Grupa Wagnera stacjonuje już na Białorusi. 29 lipca ukraińska straż graniczna podała szacunki, że na Białorusi może znajdować się ponad 5 tys. bojowników Grupy Wagnera. Eksperci nie kryją, że istnieje ryzyko, że wagnerowcy będą przenikać do Europy poprzez nielegalną granicę z Białorusią. 

Zmienił się kraj pochodzenia nielegalnych migrantów 

Szef łotewskiej straży granicznej zwrócił uwagę na to, że w ostatnim czasie na granicę białorusko-łotewską zaczęło trafiać wielu migrantów z krajów afrykańskich. Jego zdaniem jest to znacząca zmiana. Wcześniej granicę próbowali sforsować przede wszystkim migranci z Iraku.

- Najemnicy z Grupy Wagnera mogli już próbować przekroczyć granicę z Łotwą - powiedział wczoraj w łotewskim portalu internetowym Delfi szef łotewskiej straży granicznej Guntis Pujatas. Pogranicznicy od początku roku odnotowali kilkadziesiąt przypadków uszkodzenia infrastruktury granicznej.
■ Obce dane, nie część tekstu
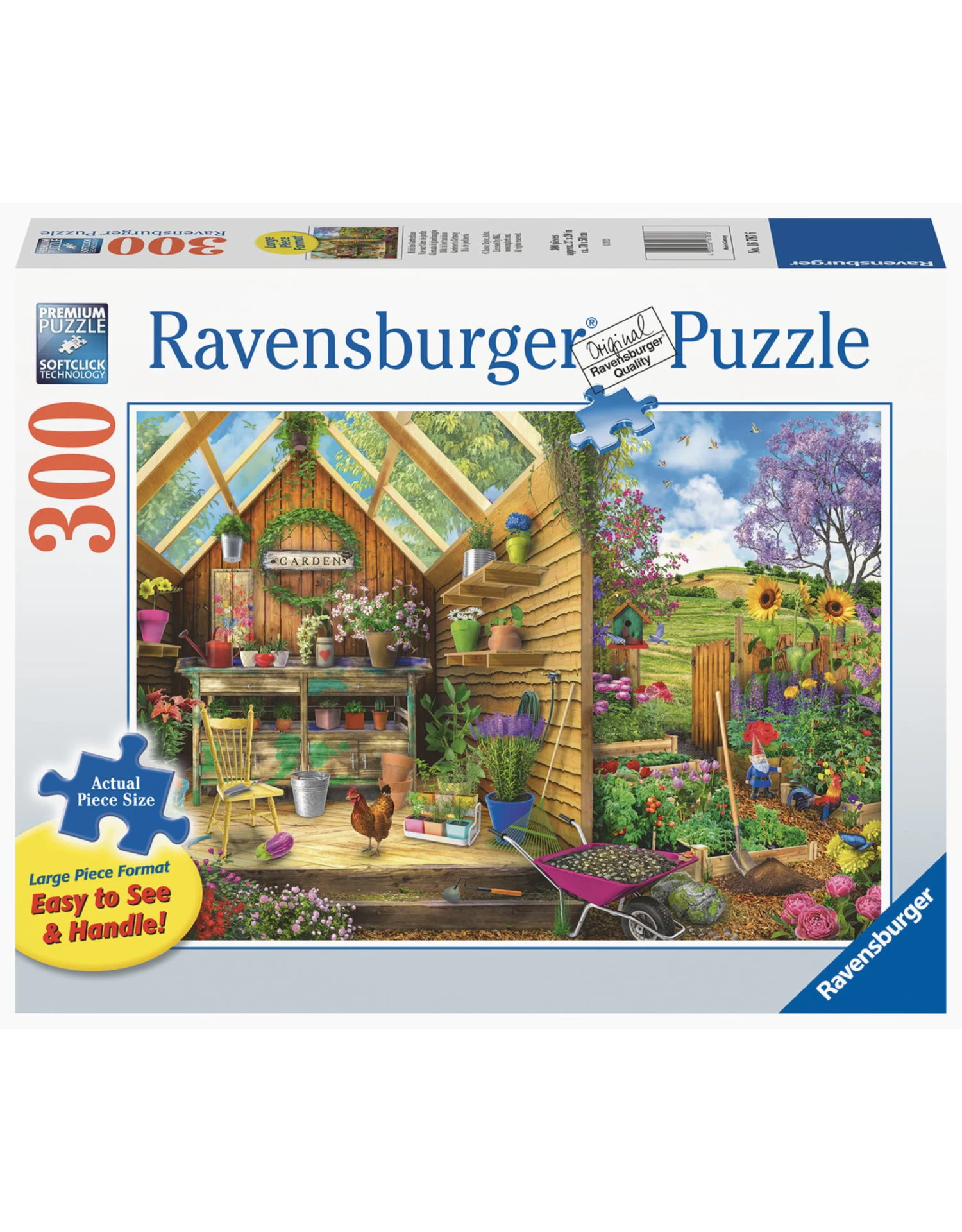 Deze Ravensburger puzzel met grotere puzzelstukken is eenvoudiger te leggen. Het resultaat is een kunstwerk van groot formaat. Jong en oud zullen genieten van de Blik in het tuinhuis 300 stukjes puzzel met als thema kunst.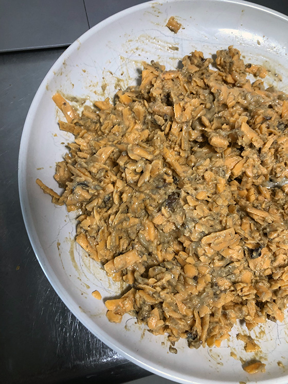 To recreate it, I took a tin of smoked oysters (85 grams), and I grated a 400 gram package of old cheddar cheese. I added some milk to moisten it. The trick with the milk is that too much will make it melt off the toast, but a little bit of milk helps it spread. (And creates those lovely brown spots on the toasts.) I used gluten free bread I had in the freezer.

Przypuszczenia łotewskiego funkcjonariusza potwierdza fakt, że to właśnie m. in. w Afryce wagnerowcy werbują ludzi.Według niego wśród migrantów mogą być osoby zwerbowane przez ludzi Prigożina. 

Posłuchaj

Posłuchaj

Najemnicy z Grupy Wagnera mogli już próbować przekroczyć granicę z Łotwą. O szczegółach mówi reporter Polskiego Radia Kamil Zalewski 0:44
+
Dodaj do playlisty

Łotwa zamknie granice?

Szef łotewskiej straży granicznej wykluczył jednak możliwość całkowitego zamknięcia granicy z Białorusią. Choć takie rozwiązanie ułatwiłoby pracę służbą, to jednak w praktyce jest to niemożliwe. Łotewscy obywatele nie mieliby bowiem możliwości powrotu do kraju.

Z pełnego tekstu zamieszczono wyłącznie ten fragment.